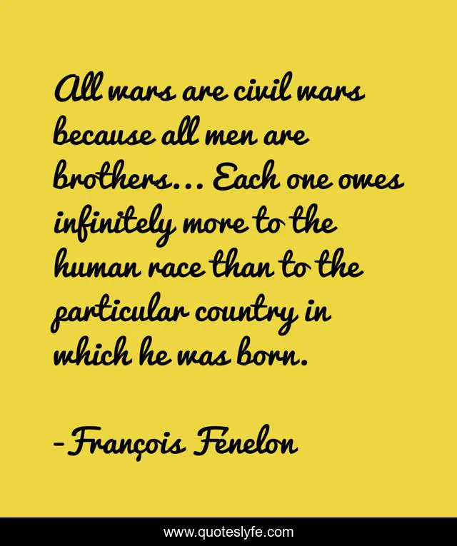 This page presents the quote "All wars are civil wars because all men are brothers... Each one owes infinitely more to the human race than to the particular country in which he was born.". Author of this quote is François Fénelon. This quote is about patriotism, humans, nationalism, humanity, war,.
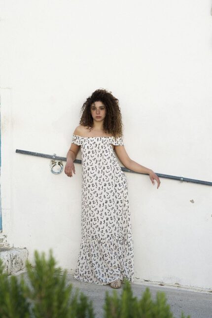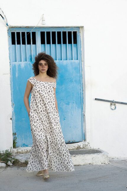 • Ριγέ λευκό- γαλάζιο φόρεμα
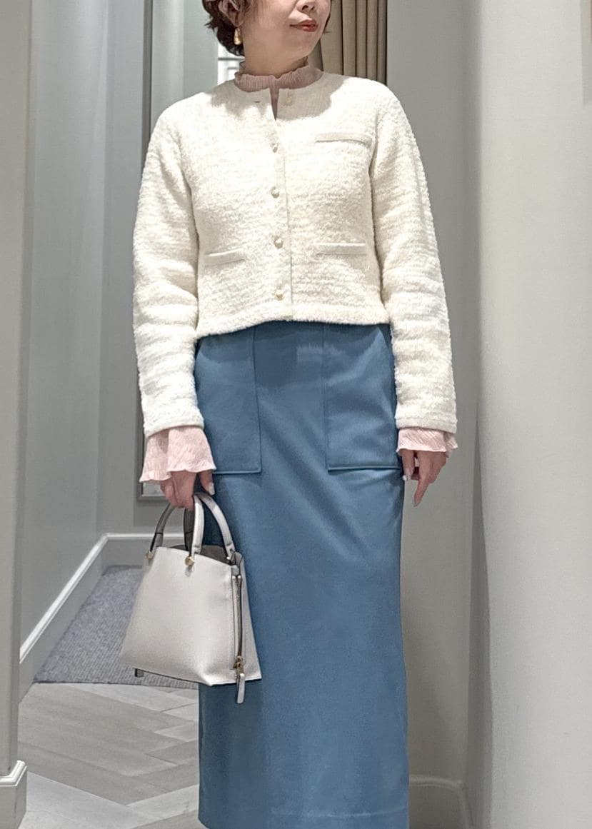 ROPÉツイードニットショート丈カーディガン/イージーケアキナリ / F¥37,400レビュージャストサイズのサイズ感。
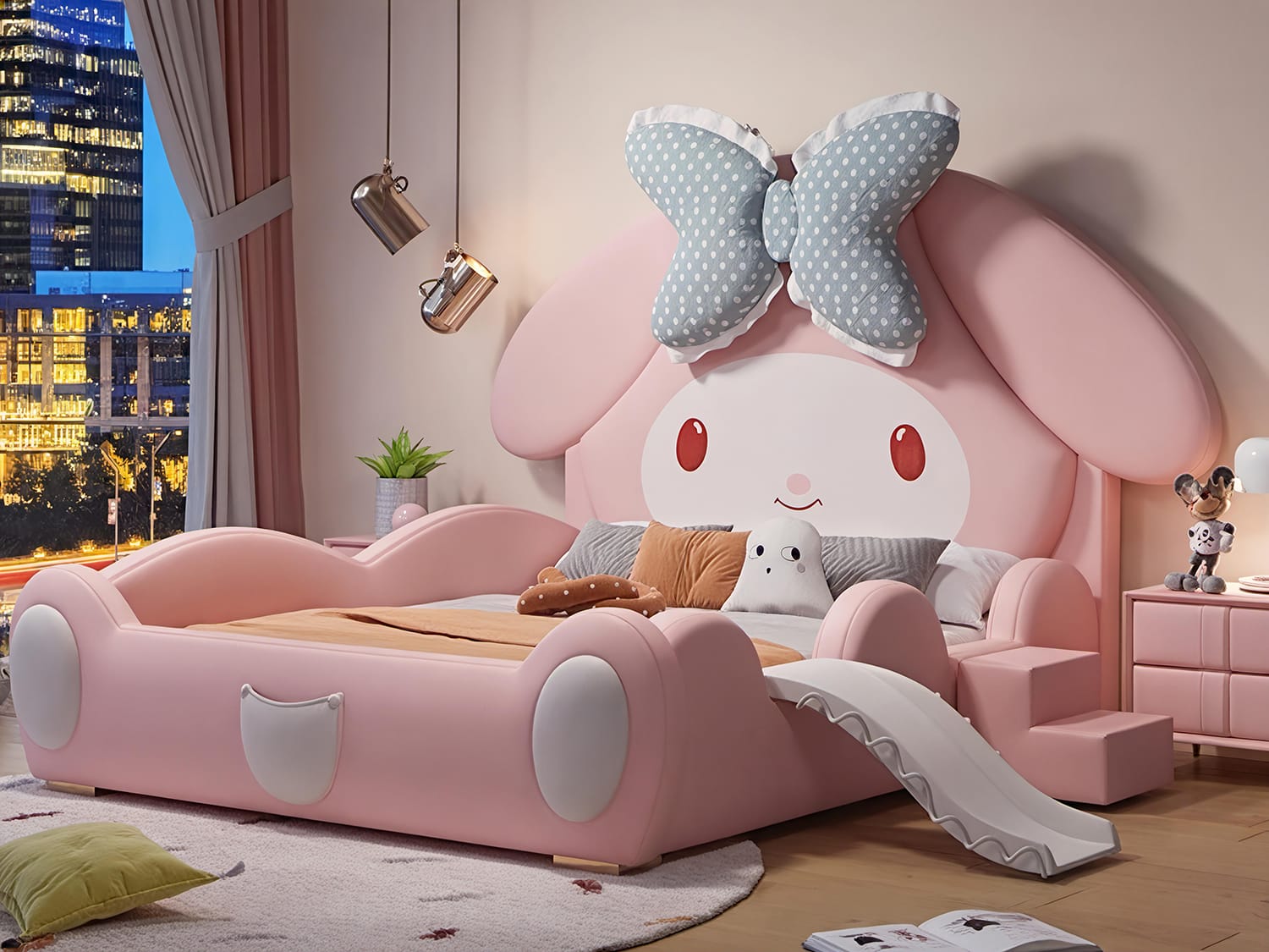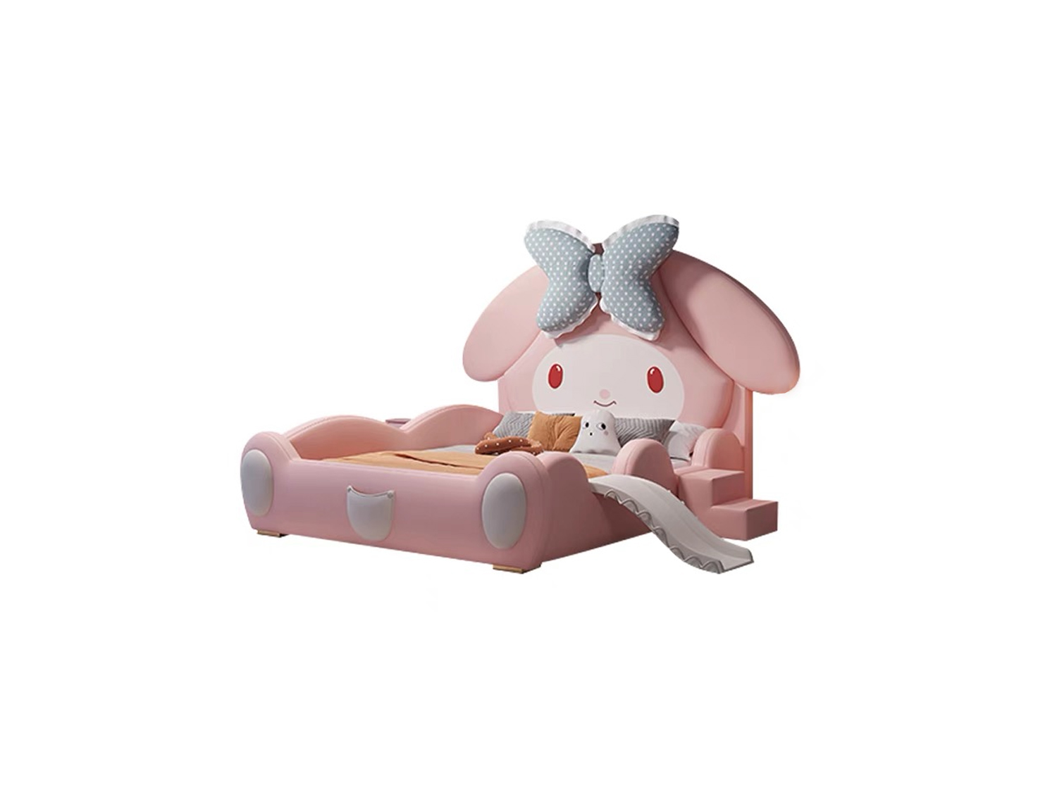 The Baerami Pink Kid’s Bed Frame-With/Without Removable Slide & Stairs is a playful, safe, and comfy bed frame that adds a touch of fun and comfort to your child’s bedroom. It features a round safety corner, stable construction, creative cartoon design, safety bedside rail, microfiber leather upholstery, high-density foam, and a metal, solid wood, and plywood frame. Create a joyful and cozy sleeping space for your child with the Baerami Pink Kid’s Bed Frame with/without Removable Slide&Stairs.
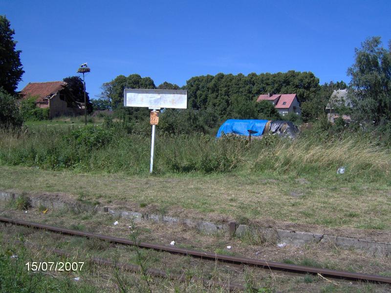 | perony: | Bardzo dziwne miejsce. Peron z krawędzią nie istnieje. Wysiada się na wydeptaną ścieżkę, na której stoi zamalowana tablica - kiedyś z nazwą miejscowości. Ta ścieżka ledwo się mieści między torem a ogrodzeniem. Od strony wsi jest drogowskaz. | |
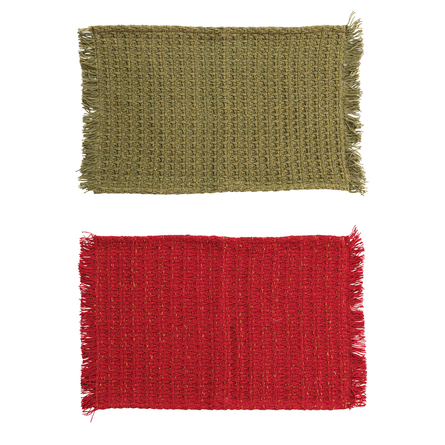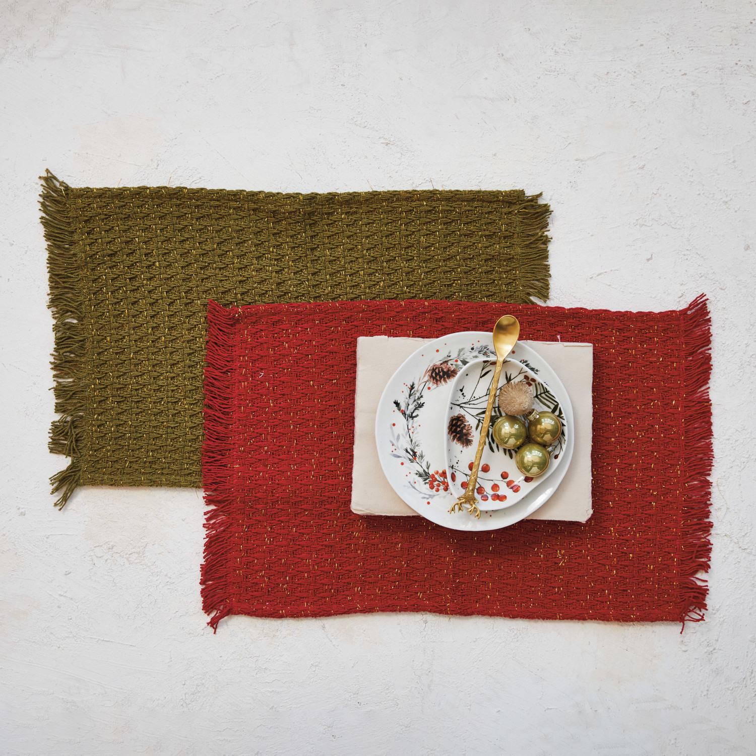 Add some sparkle and color to the table setting or holiday decor with these woven cotton placemats with metallic gold thread and fringe in green and red. These placemats feature a woven cotton fabric with metallic gold thread and fringe in green and red, giving them a festive and elegant look. These placemats are easy to clean and durable, and can be used for any occasion. Mix and match them with the existing tableware or other accessories. These placemats are made of cotton and lurex, and handcrafted with care. These placemats measure 19 inches in length, and 13 inches in width, and come in two different colors, green or red. A festive and elegant placemat that features a woven cotton fabric with metallic gold thread and fringe in green and red. A perfect choice for adding some sparkle and color to the table setting or holiday decor. These placemats are easy to clean and durable, and can be used for any occasion.
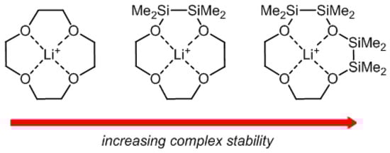 The nature of the Si–O bond has been intensively studied over the past six decades. In the 1960s especially, the large valence angle in disiloxanes and the unusual short Si–O bond length, e.g., in O(SiH2Me2)2, were issued in numerous publications [,]. The low basicity of siloxanes was originally attributed to an electron-withdrawing tendency of the silyl groups of the type p(O)→d(Si) [,,]. This approach was later discarded in favor of hyperconjugation interactions between p(O)→σ*(Si–C) [,,]. Alternatively, in an opposed model based on calculations of the electron density function, the Si–O bond was described as essentially ionic due to the high difference in electronegativity between Si and O [,]. Careful theoretical studies on the basicity of O(SiH2Me2)2 and OEt2 revealed that the lower electrostatic attraction in siloxanes results from the repulsion between the positively charged Si atoms and Lewis acids []. This proceeding has recently been extended on cyclosiloxanes [], which were previously described as pseudo crown ethers or inorganic crown ethers [,,]. However, the structural analogy to organic crown ethers is poor, since siloxanes feature O atoms linked by –SiMe2– rather than –CH2CH2–. Additionally, organic ring-contracted crown ethers exhibit an eminently reduced coordination ability, as has been shown in the referencing of [17]crown-6, in which only one –CH2CH2– unit was replaced by –CH2– [,]. Consequently, higher comparability between organic crown ethers and cyclosiloxanes can be provided by extension of the –SiMe2– unit to –SiMe2SiMe2–. Recent studies of hybrid [12]crown-4 featuring one or two disilane fragments in a residuary organic crown ether framework revealed an increasing coordination ability towards Li+ in the series C–O–C < C–O–Si < Si–O–Si (Scheme 1) [,].
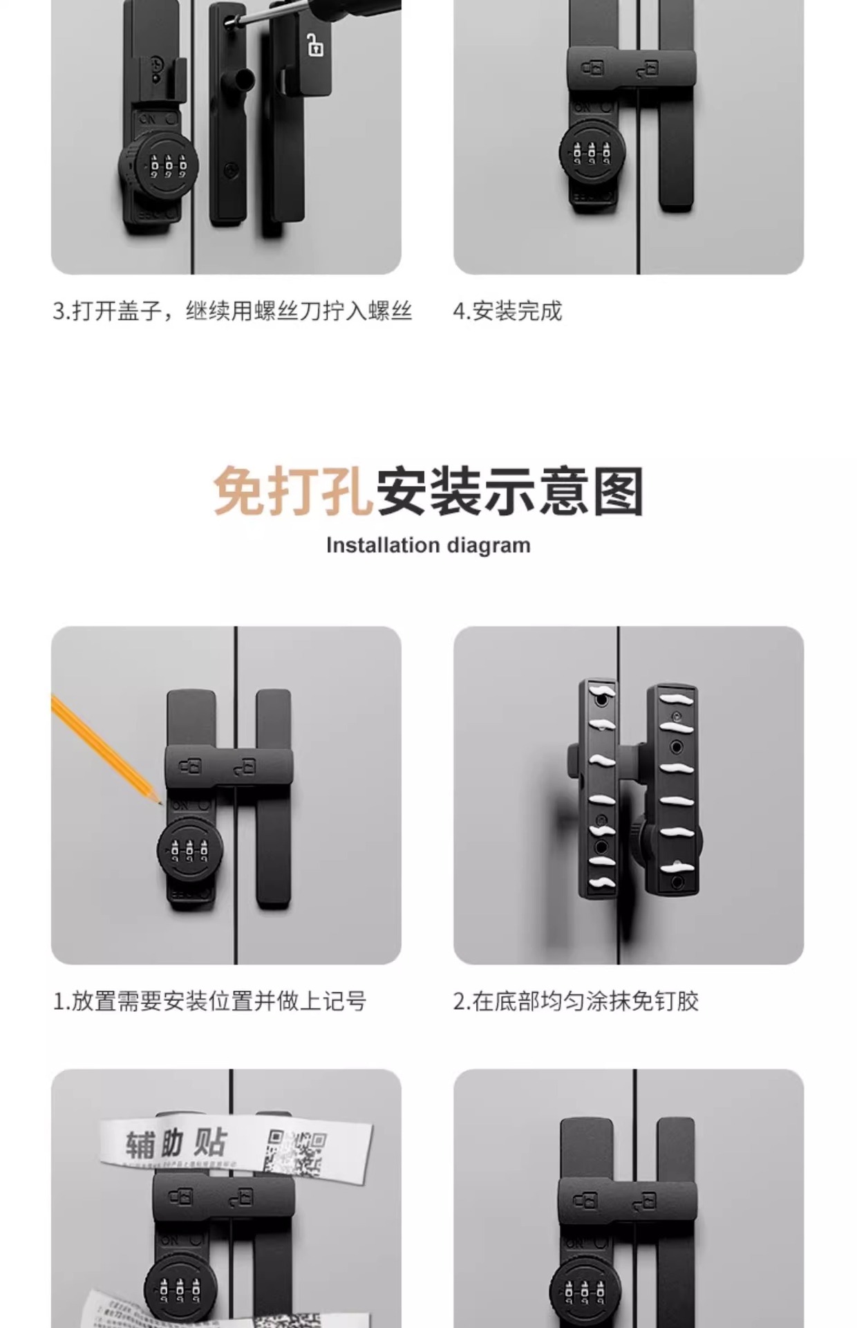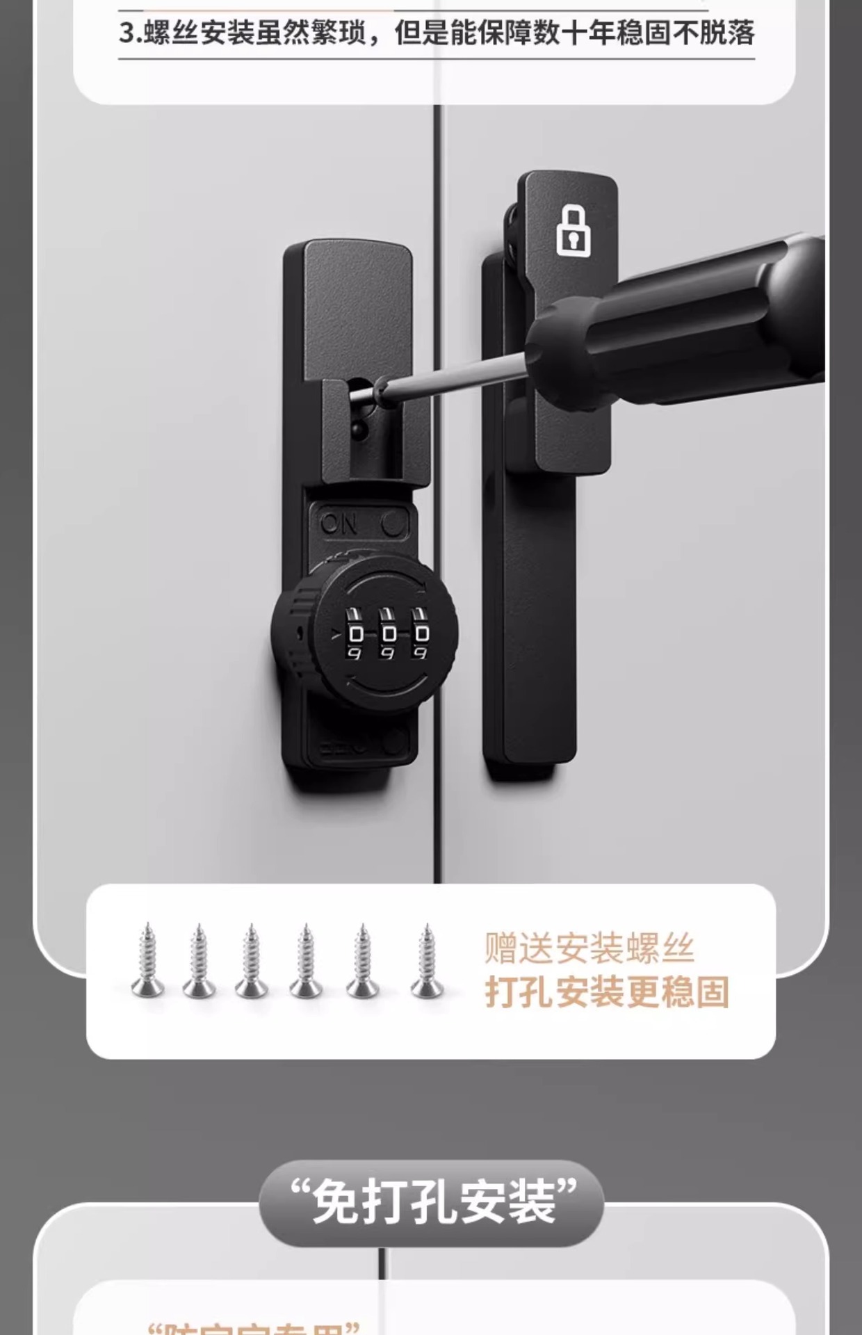 のこぎりロックガラスロック押し引きキャビネットドアロック展示キャビネットカウンターキャビネットロック移動ドアロックショーウインドー穴なしパスワードロック
*****
[Task statement]:
The answer is to be the lines of the listing from the first through the one with "ROPÉツイードニットショート丈カーディガン/イージーケアキナリ / F¥37,400レビュージャストサイズのサイズ感。", reproduced exactly, without any pictures.

[Answer for the task]:
 This page presents the quote "All wars are civil wars because all men are brothers... Each one owes infinitely more to the human race than to the particular country in which he was born.". Author of this quote is François Fénelon. This quote is about patriotism, humans, nationalism, humanity, war,.
 • Ριγέ λευκό- γαλάζιο φόρεμα
 ROPÉツイードニットショート丈カーディガン/イージーケアキナリ / F¥37,400レビュージャストサイズのサイズ感。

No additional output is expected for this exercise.